Sabtu, 09 April 2011

WANITA PENJAGA SEKOLAH



            Langit gelap, sejak siang tadi. Tetapi tidak ada tanda-tanda hujan akan datang…Beberapa hari belakangan ini, udara di sekitar kompleks tempat aku tinggal memang  super panas. Mungkin masuk musim pancaroba. Masih lumayan, kalau lagi mengajar…aku bisa ngadem di ruang tata usaha atau kelas. Bayangin saja siang bolong begini di rumah kontrakan yang belum ada ac…Waduh, seakan berada dalam ruang sauna.
Syukur, satu bulan yang lalu aku diterima bekerja di sebuah sekolah swasta di kota kelahiranku Semarang. Sebuah lembaga pendidikan cukup elite dan disegani di kota lumpia ini, sampai-sampai seluruh ruangannya sudah menggunakan AC. Yah, meskipun bangunannya tua banget... Arsitekturnya bergaya Belanda dengan banyak jendela dan pintu tinggi, bergerendel. Konon, sekolah itu pernah menjadi sekolah noni-noni Belanda jaman penjajahan.

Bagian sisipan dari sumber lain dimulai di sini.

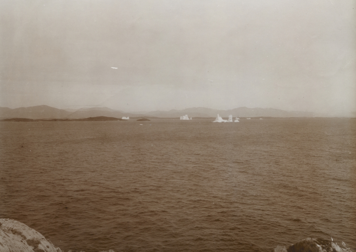 Fotografi från expedition till Grönland. Vy över hav med isberg.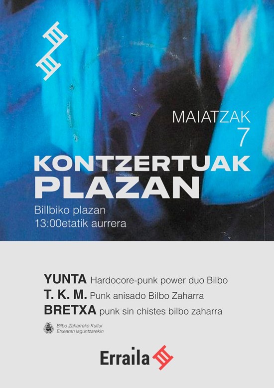 Este sábado 7 de mayo, en la Plaza del barrio Bilbao La Vieja, en el casco Viejo, habrá concierto matinal con Yunta, T.K.M y Bretxa. Concierto gratuito a partir de las 13 horas.

            Fuihh! Lagi-lagi beberapa siswa tidak menyelesaikan tugasnya dengan sempurna. Keringat mulai membanjir di keningku. Masih saja, kepanasan. Padahal aku sudah memilih mengerjakan koreksian di teras, depan rumah. Satu, dua siswa, terpaksa kuberi nilai jelek. Mau bagaimana lagi? Mereka tidak berusaha maksimal menjawab semua pertanyaan yang kuajukan. Padahal kan…buku panduannya banyak. Mereka bisa usaha, mencarinya di perpustakaan. 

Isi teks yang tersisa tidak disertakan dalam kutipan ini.